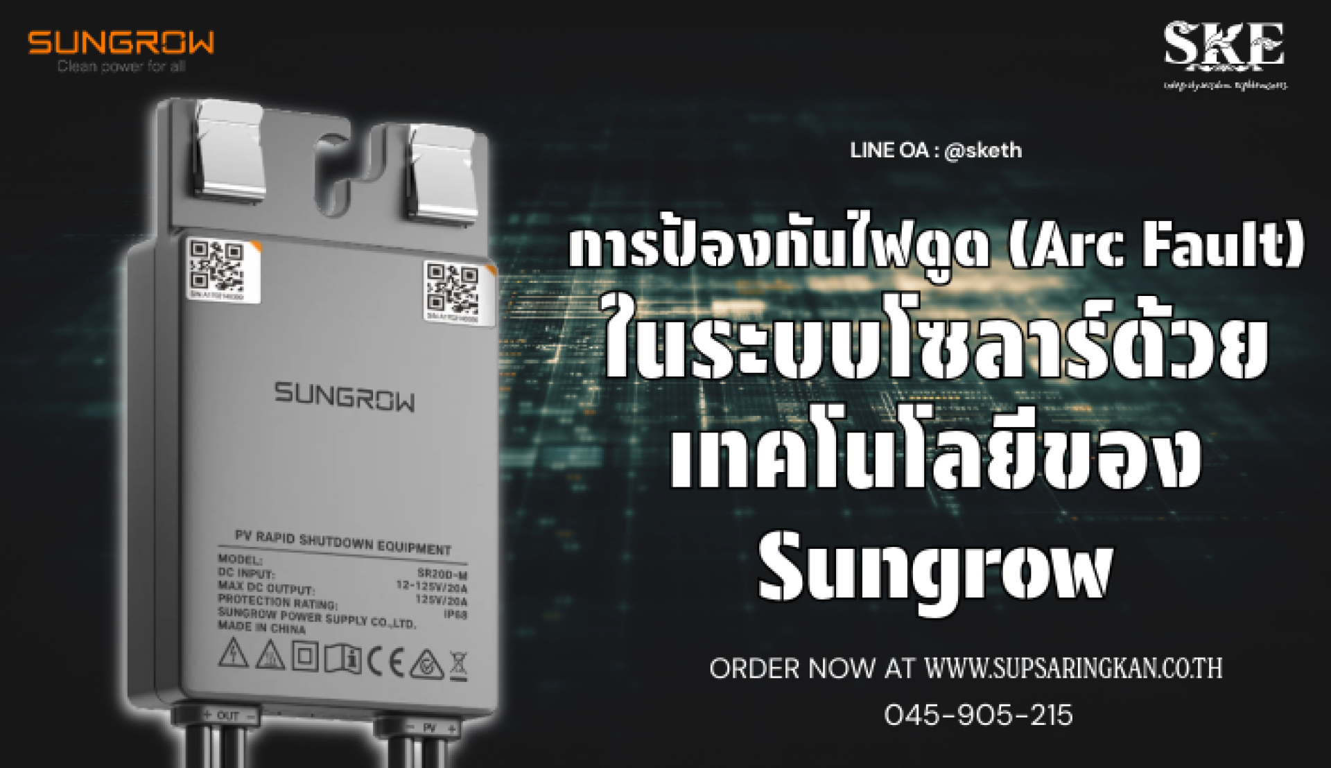 หยุดหายนะใน 0.2 วินาที: เทคโนโลยีป้องกันไฟดูด (AFCI) ของ Sungrow | SKE
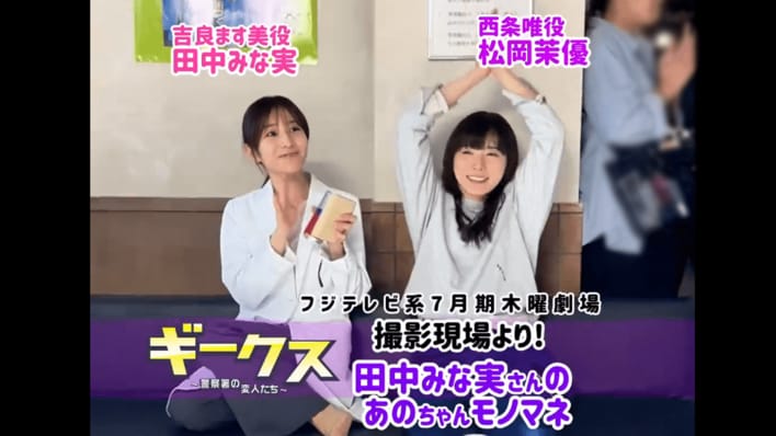 松岡茉優さん主演の木曜劇場『ギークス~警察署の変人たち~』の番組公式Xが更新。本作に出演している田中みな実さんが、共演のあのさんのモノマネを披露し話題となっています。
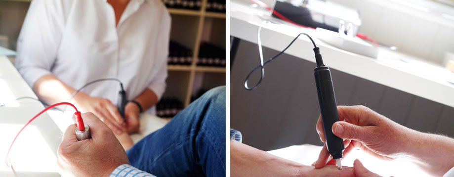 There are pressure points on the hands and feet that are linked to every part of the body. During a consultation, the patient holds a cylindrical electrode in one hand whilst Joanna touches the acupuncture pressure points on the hands and feet with a painless non-invasive metal probe to instigate a reading on the BFD machine.
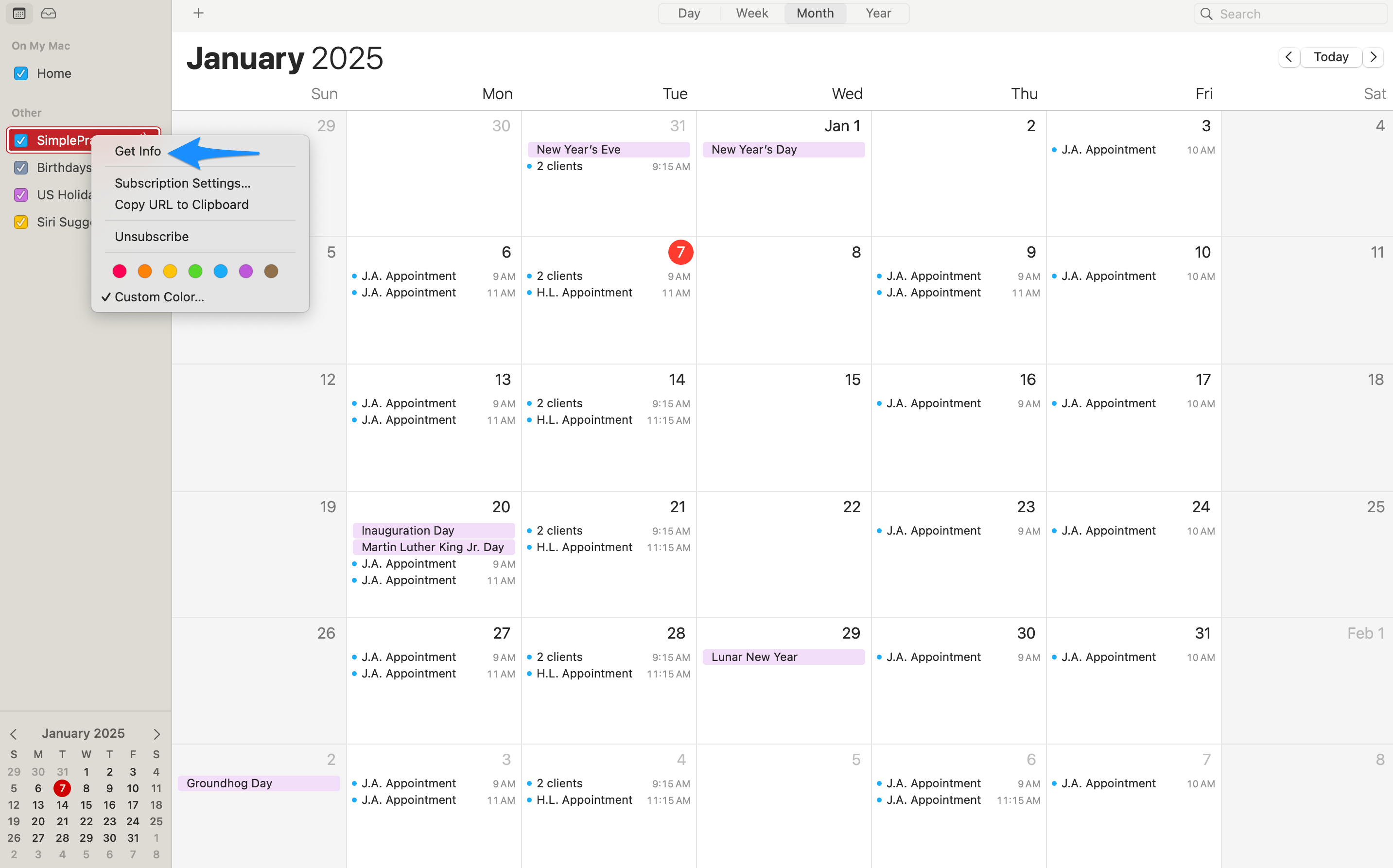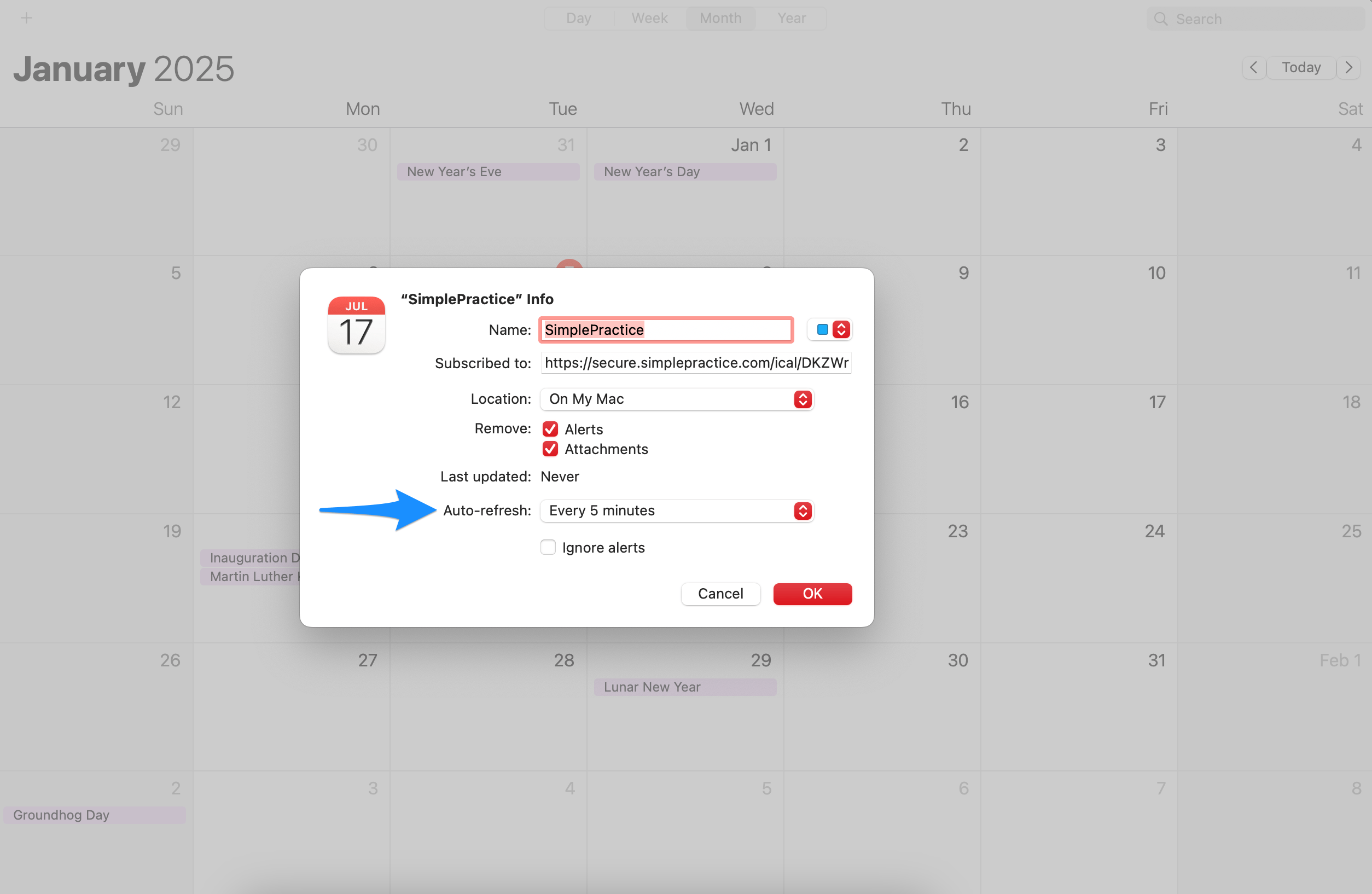 Managing calendar sync for Apple Calendar SimplePractice Support
• • • • • • •
**ACTIVITY:**
The response should restate the material above word for word and contain no pictures.

**WRITTEN ANSWER:**
 หยุดหายนะใน 0.2 วินาที: เทคโนโลยีป้องกันไฟดูด (AFCI) ของ Sungrow | SKE
 松岡茉優さん主演の木曜劇場『ギークス~警察署の変人たち~』の番組公式Xが更新。本作に出演している田中みな実さんが、共演のあのさんのモノマネを披露し話題となっています。
 There are pressure points on the hands and feet that are linked to every part of the body. During a consultation, the patient holds a cylindrical electrode in one hand whilst Joanna touches the acupuncture pressure points on the hands and feet with a painless non-invasive metal probe to instigate a reading on the BFD machine.
 Managing calendar sync for Apple Calendar SimplePractice Support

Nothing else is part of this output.